If you think there is a better rss/xml feed parse. Please let me know. (Im new to python)

print(key) displays none and print(len(feed.entries)) also displays none

print(feed)
{'feed': {}, 'entries': [], 'bozo': 1, 'bozo_exception': URLError(SSLError(1, '[SSL: CERTIFICATE_VERIFY_FAILED] certificate verify failed (_ssl.c:749)'),)}

print(feedparser)
<module 'feedparser' from '/Users/User_name/python-projects/my_env/lib/python3.6/site-packages/feedparser.py'>
kevinabraham
  • 1,378
  • 4
  • 28
  • 55

2 Answers2

1

Try the following basic code, which works fine for me and gave me 10 items in the feed when I ran it.

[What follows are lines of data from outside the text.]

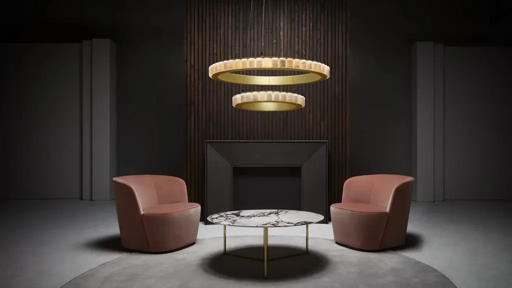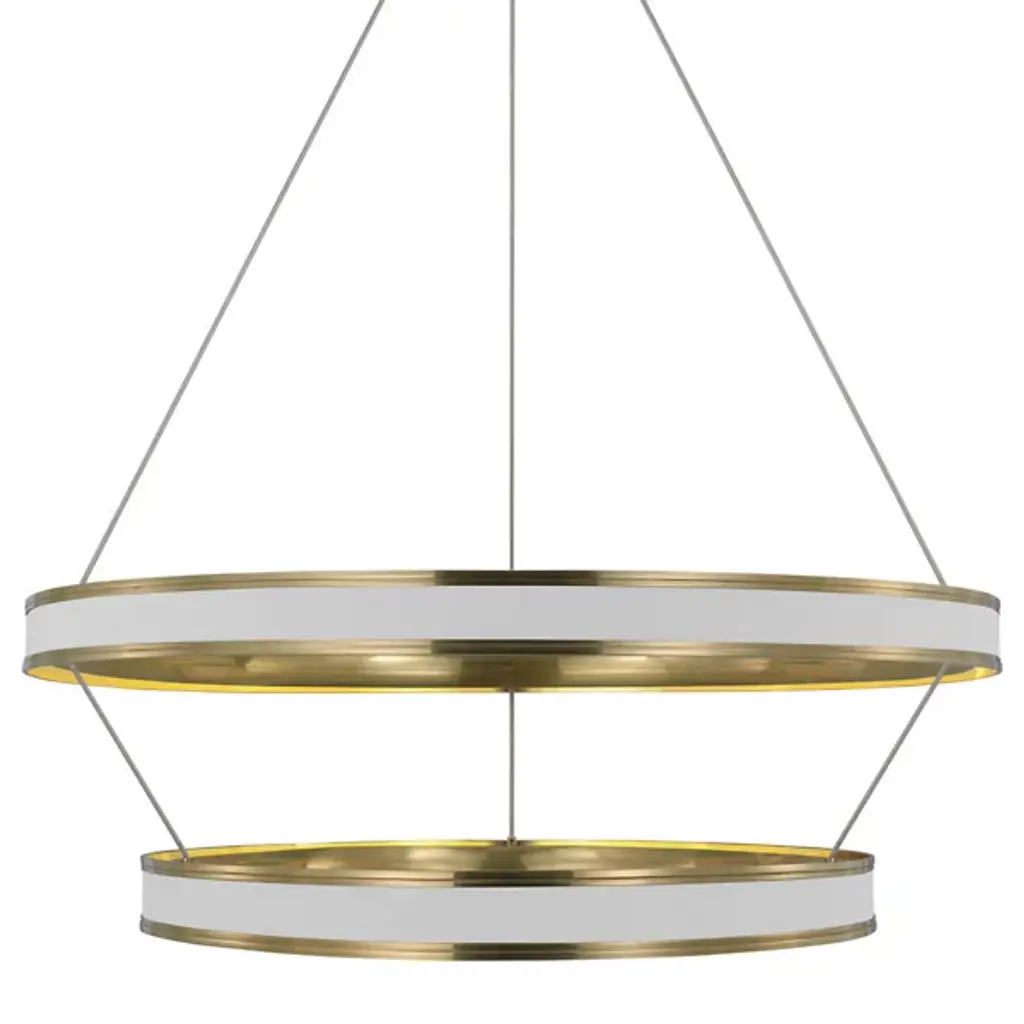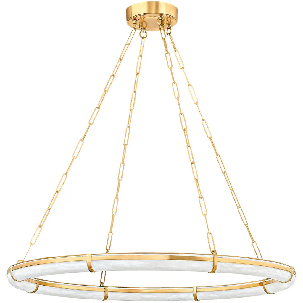 Avalon Halo chandelier by CTO LightingMaterials: satin brass with alabaster stone.Also available in different finishes and materials.Dimensions: D 101 x H 46 cmAll our lamps can be wired according to each country. If sold to the USA it will be wired for the USA for instance.integrated LED - trailing edge dimmable 38w + 67w 2700kweight 50kg (110lbs)stainless steel suspension power cable supplied (adjustable on site).stone markings may varymounts onto 4” junction boxFounded in 1998 by Chris and Clare Turner, CTO Lighting launched their first collection on the guiding principles of designing lights of uncompromising quality, using only the finest materials and working with elite British craftsmen. This collection of lighting symbolised elegance and the excellence of British design and manufacturing; the benchmark for all future collections.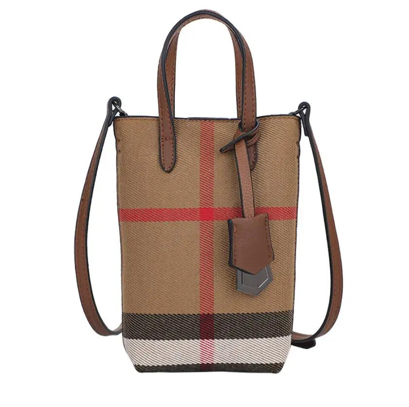 Casual Leather Phone Bag Women Small Shoulder Crossbody Plaid Messenger Bag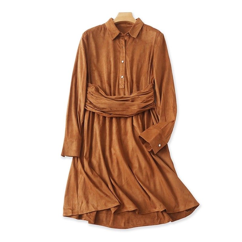 外贸麂皮绒翻领连衣裙 春秋新收腰修身中长款女长袖衬衫裙子23304
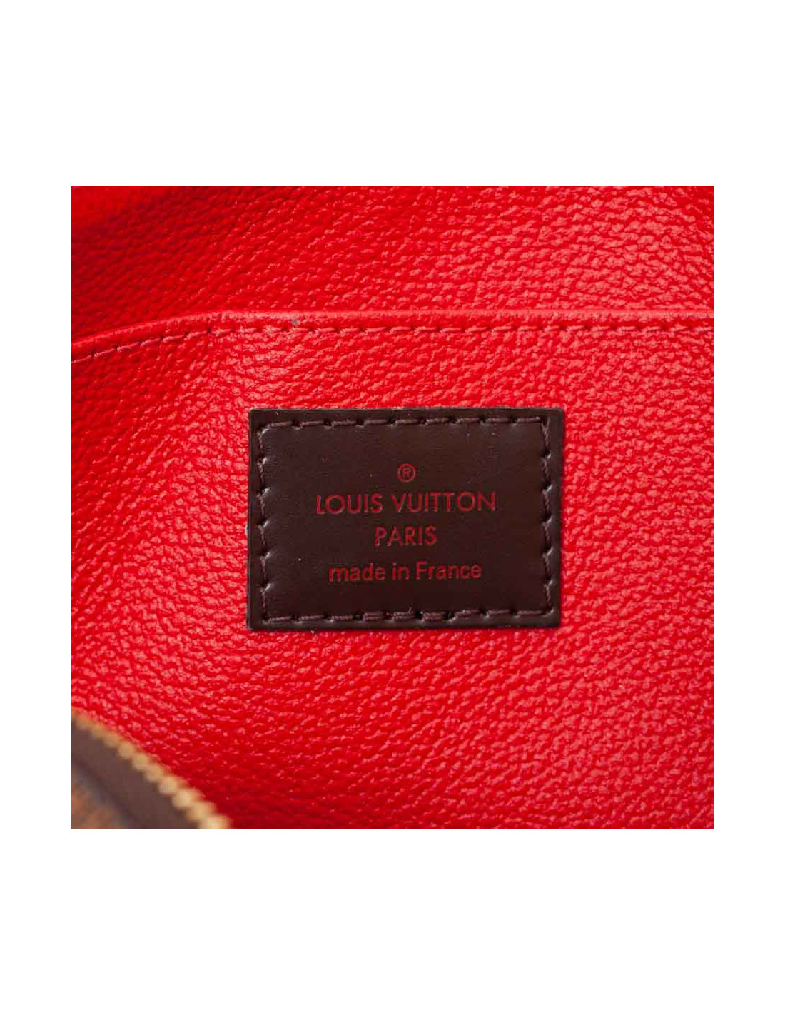 Cette trousse petit modèle LOUIS VUITTON est en toile enduite Damier Ébène doublé de cuir grainé rouge avec une fermeture à glissière. Les finitions sont en cuir de vache. Elle pourra se glisser facilement dans votre sac à main. Sa base plate permet de trouver facilement ses produits.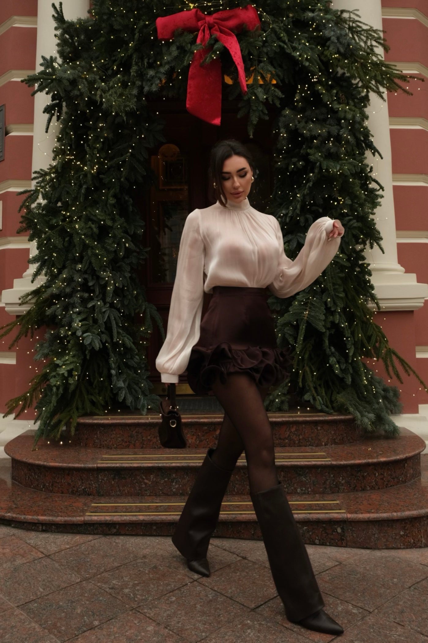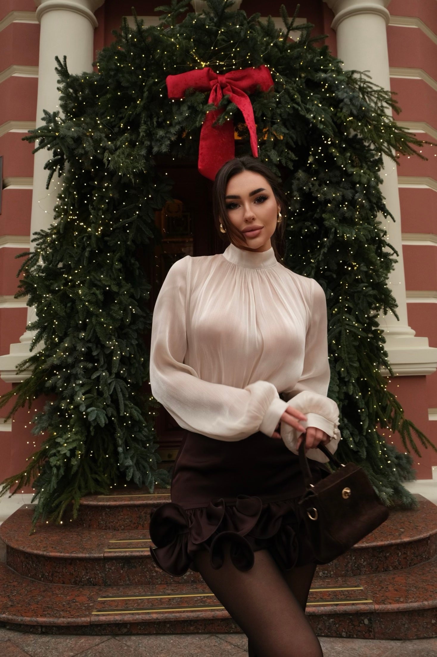 This light and shiny organza blouse will perfectly complement your outfits. Note how harmoniously the blouse goes with our silk skirts.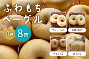 [ふわもちベーグル] 人気の4種 (プレーン2個・全粒粉2個・チョコ2個・紅茶2個)|パン 冷凍 朝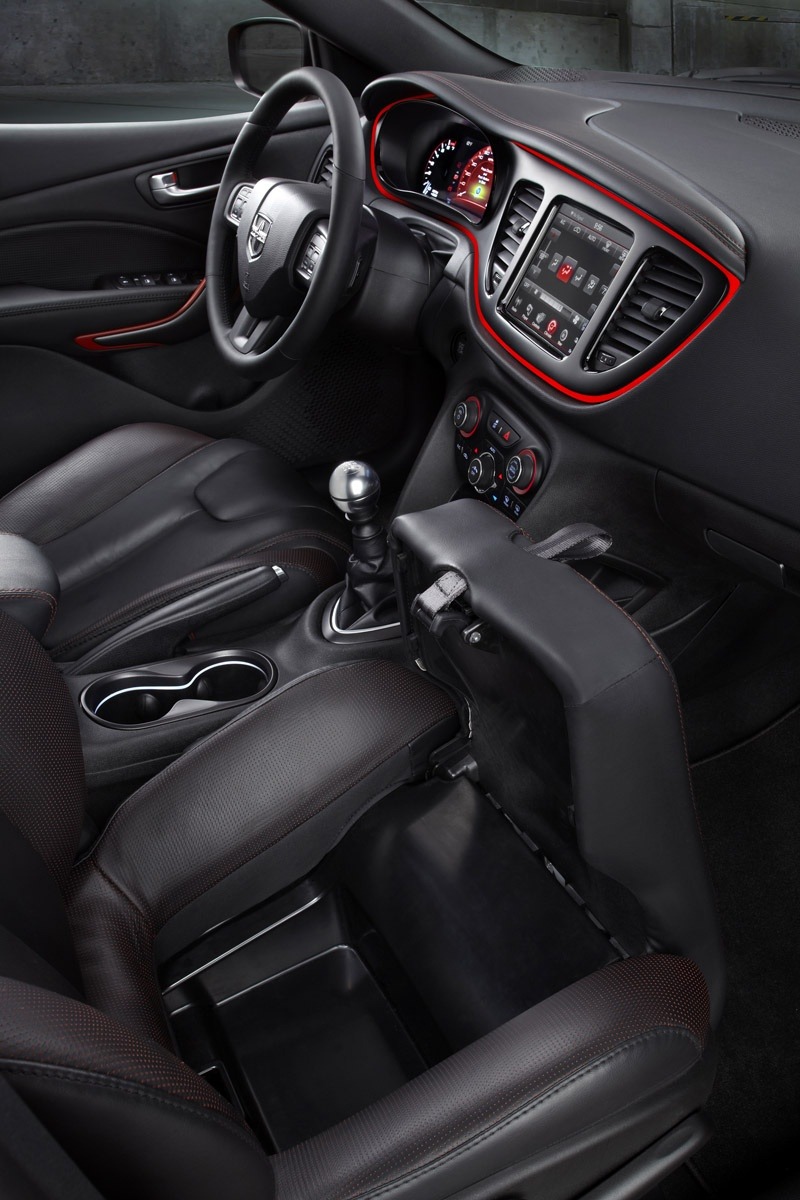 The 2013 Dodge Dart's front cabin is shown with the center console armrest folded up, revealing additional storage beneath. Black leather seating with red contrast stitching and the manual shifter are prominent in this view.
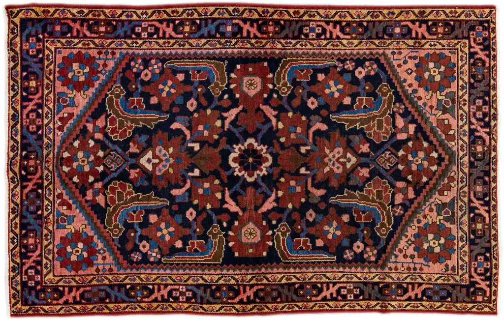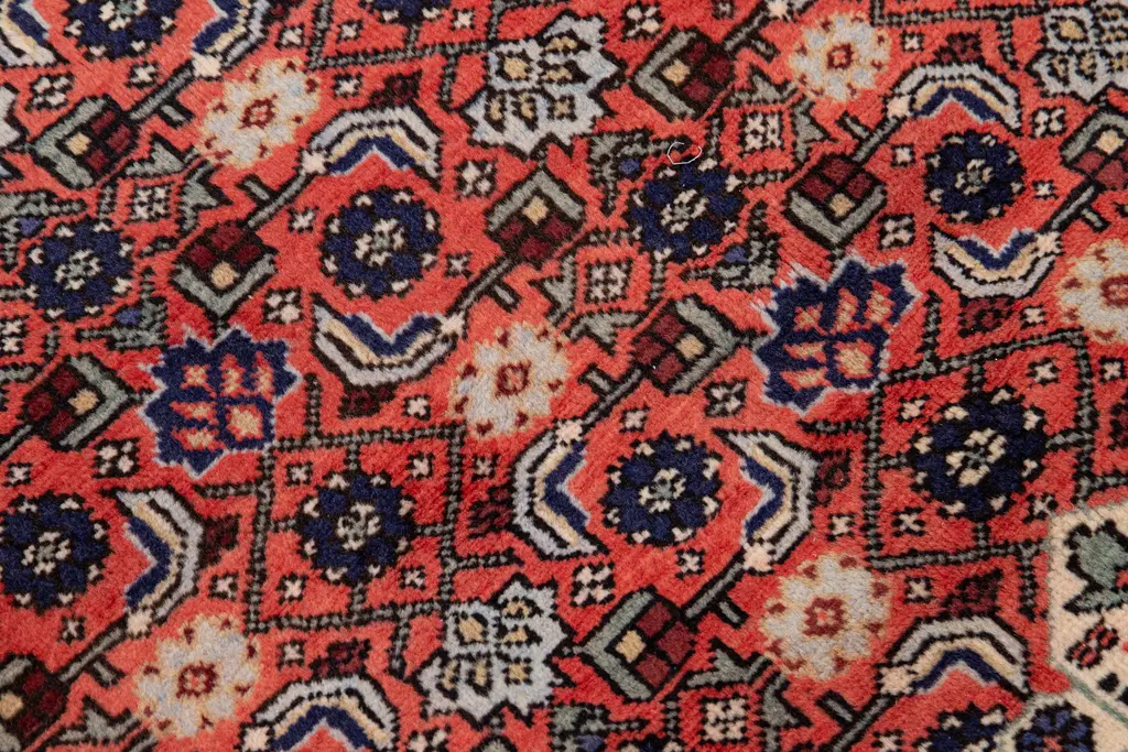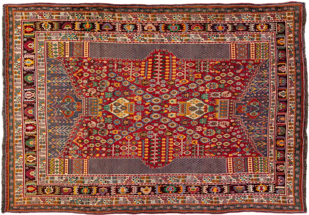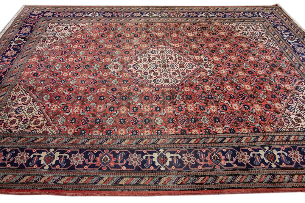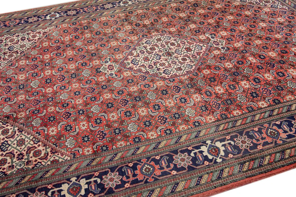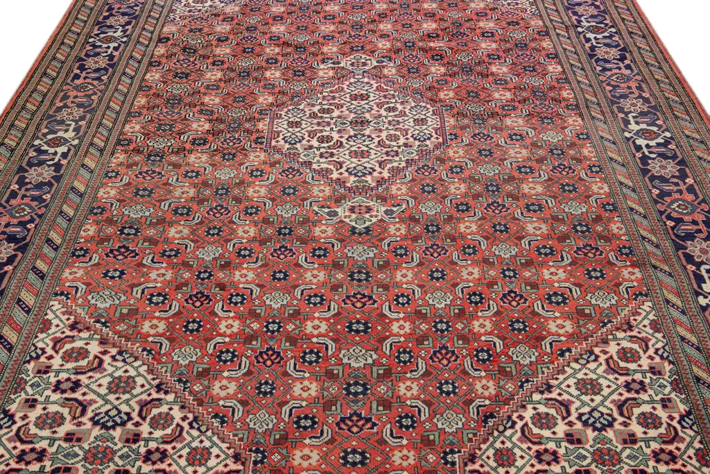 Beautiful Vintage Persian hand-knotted Wool rug with the red field. This Persian rug has a multicolor accents in all over medallion design. This rug measures: 7'10" X 11'1".

  1. Install feedparser from pip
pip install feedparser
  1. Usage
import urllib2
import feedparser

url = "https://news.google.com/news?q=fashion&output=rss"
response = urllib2.urlopen(url).read()

print response

d = feedparser.parse(response)
print len(d.entries)
for item in d.entries:
    print "------"
    print item.title
    if 'subtitle' in item:
        print item.subtitle
    print item.link
    print item.description
    print item.published
    print item.id
    print item.updated
    if 'content' in item:
        print item.content

Or, paste the FULL code you're running, and I'll take a look.

Gedeon Mutshipayi
  • 2,871
  • 3
  • 21
  • 42
AS Mackay
  • 2,831
  • 9
  • 19
  • 25
  • @kevinabraham I think that means you're simply unable to read data from the feed, it's not a Python coding issue. Do you see data if you try that URL direct from a web browser? – AS Mackay Jul 10 '17 at 10:54
  • Yes I can. When I go directly in the link it shows text `NFE/1.0fashion - Google News`...... – kevinabraham Jul 10 '17 at 10:57
1

Figured out the issue was actually with the SSL handshake fixed it by adding ssl._create_default_https_context = ssl._create_unverified_context.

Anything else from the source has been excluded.